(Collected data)
[Start of section]
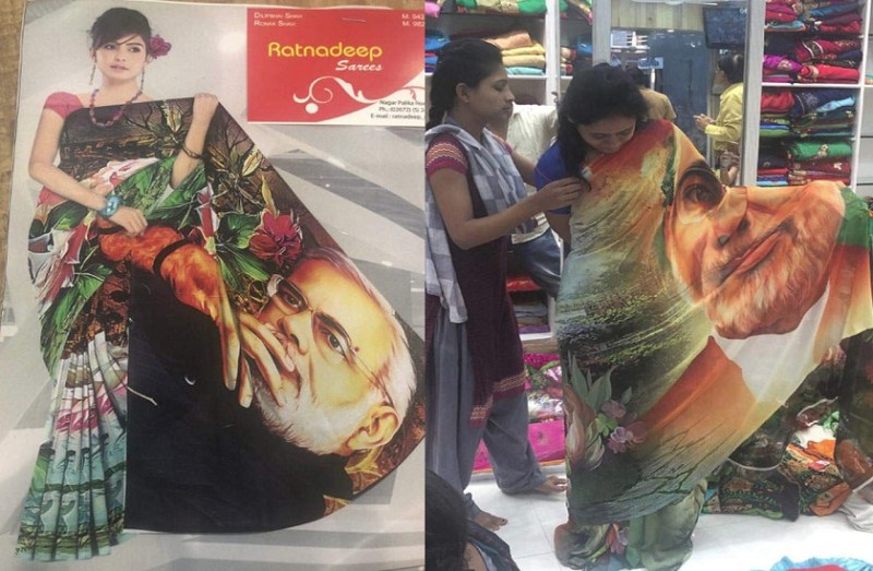 सूरत के बाज़ारों में पीएम मोदी की तस्वीर प्रिंटेड इन साड़ियों की कीमत 280 रुपए से लेकर 1080 रुपए तक बताई जा रही है। इस साड़ी को देखकर लगता है कि 2019 के लोकसभा के चुनावों में व्यापारी भी बढ़-चढ़कर हिस्सा ले रहे हैं। लोकसभा के चुनावों को ही मद्देनज़र रखते हुए गोधरा के कपड़ा व्यापारियों ने बाजार में मोदी साड़ी लॉन्च की है। एक मीडिया चैनल को दिए इंटरव्यू में रौनक शाह नाम के एक साड़ी व्यापारी का कहना है कि, 'हमने नए डिजिटल थीम में भी मार्किट में मोदी साड़ियां लॉन्च की हैं। उनका कहना है कि मोदी प्रिंटेड साड़ियां हमें काफी फायदा पहुंचा रही हैं। इन्हें लॉन्च करने के बाद मार्किट में हलचल सी मच गई है। रौनक शाह ने कहा "हमने मोदीजी की साड़ी लॉन्च की है। साड़ी महिलाओं के बीच पसंदीदा बन गई है। हमने पीएम मोदी की साड़ी की लगभग तीन से चार किस्में बनाई हैं, जिन्हें हम आगे बेचने वाले हैं। आने वाले दिनों में, हम अन्य राजनेता और नेता की थीम वाली साड़ियों को लॉन्च करने की योजना भी बना रहे हैं।"
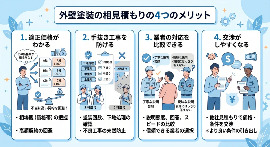 外壁塗装の相見積もりの4つのメリット
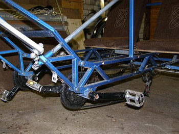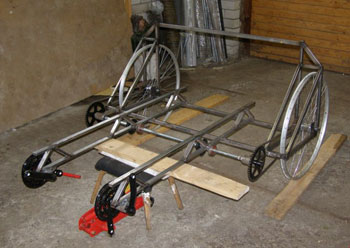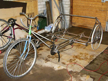 trike like this for years. Check out the drive train! Here is what Koit had to say about this cool trike. "Here's my recumbent tandem. What's maybe different from lots of others is that it has a so called center shaft which riders are pedaling and from what are the rear wheels are powered. In that case one or two riders power both rear wheels equally so bike doesn't want to turn if one pedals harder than other plus riders can choose different gears in witch they choose to drive, so they are independent from each other. The second thing is the rear triangle is opposite to conventional bicycle - in that way I managed to shrink down the bikes overall length by half meter. The frame is made so it can be taken apart from pedals if you look closely - the idea was I could bolt on rig with a "standard connection" and I could hook it behind a car like a trailer, but I had some legal problems with it. Steering is made with linkages and rod end bearings. It has 28" wheels." Here are some more photos of the frame during construction. |
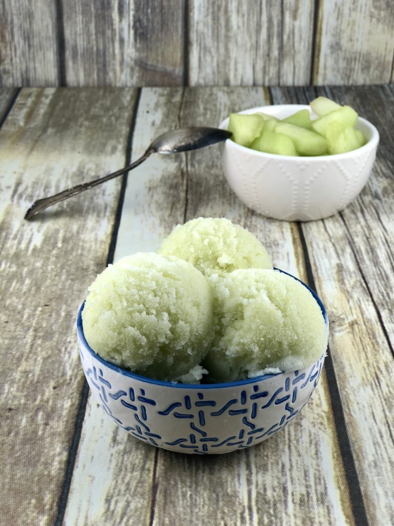 It is no secret that I have a huge sweet tooth and during the summer months my taste buds crave something cold and refreshing. There is nothing like being in the Texas heat and coming inside for a light and refreshing dessert like this! I love all the summertime fruits like berries, cantaloupe, and honeydew and always try to buy in bulk when on sale. There is nothing better than having summer berries frozen in the freezer for those fall and winter months! What makes it even better is that these summer time fruits are also FODMAP safe! Win, win! Please note this recipe is more of a granita than sorbet as it’s more flakier than a traditional sorbet. What’s your favorite summer time Fodmap dessert recipes?! Check out some of my favorite ice cream recipes: peanut butter banana ice cream and strawberry basil ice cream.
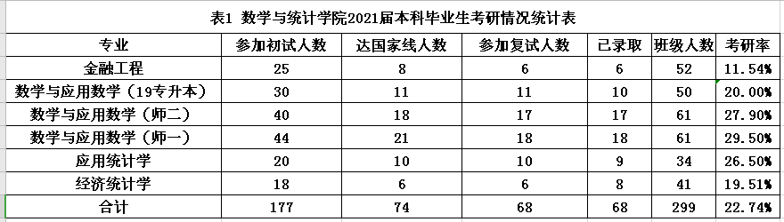 本网讯 在近期刚刚落下帷幕的2021届研究生考试中,太阳成集团122ccvip学子考研喜获佳绩、再创新高。全院共有74名毕业生初试通过国家线,68人成功考取研究生,考研率达22.74%。其中数学与应用数学(师范)、应用统计学、数学与应用数学(专升本)专业更是以28.68%、26.47%和20.00%的考研率刷新了专业考研率的历史新高。
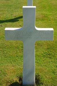 Pvt Stanley J. Boryzyska attended high school for one year and was employed at Pratt and Whitney. He enlisted in Springfield, Massachusetts on 11 November 1943.He was first buried at Block B, Row 7, Grave 161.
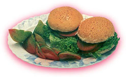 | 作法: | 麵包剖成上下兩片。NBP日本素肉 切片約0.6公分厚,油煎後與菜葉, 蕃茄片挾於麵包中間即可。 |
[End of section]
Stop after the line containing "外壁塗装の相見積もりの4つのメリット": copy the records exactly from the first line up to there, leaving pictures out.

 सूरत के बाज़ारों में पीएम मोदी की तस्वीर प्रिंटेड इन साड़ियों की कीमत 280 रुपए से लेकर 1080 रुपए तक बताई जा रही है। इस साड़ी को देखकर लगता है कि 2019 के लोकसभा के चुनावों में व्यापारी भी बढ़-चढ़कर हिस्सा ले रहे हैं। लोकसभा के चुनावों को ही मद्देनज़र रखते हुए गोधरा के कपड़ा व्यापारियों ने बाजार में मोदी साड़ी लॉन्च की है। एक मीडिया चैनल को दिए इंटरव्यू में रौनक शाह नाम के एक साड़ी व्यापारी का कहना है कि, 'हमने नए डिजिटल थीम में भी मार्किट में मोदी साड़ियां लॉन्च की हैं। उनका कहना है कि मोदी प्रिंटेड साड़ियां हमें काफी फायदा पहुंचा रही हैं। इन्हें लॉन्च करने के बाद मार्किट में हलचल सी मच गई है। रौनक शाह ने कहा "हमने मोदीजी की साड़ी लॉन्च की है। साड़ी महिलाओं के बीच पसंदीदा बन गई है। हमने पीएम मोदी की साड़ी की लगभग तीन से चार किस्में बनाई हैं, जिन्हें हम आगे बेचने वाले हैं। आने वाले दिनों में, हम अन्य राजनेता और नेता की थीम वाली साड़ियों को लॉन्च करने की योजना भी बना रहे हैं।"
 外壁塗装の相見積もりの4つのメリット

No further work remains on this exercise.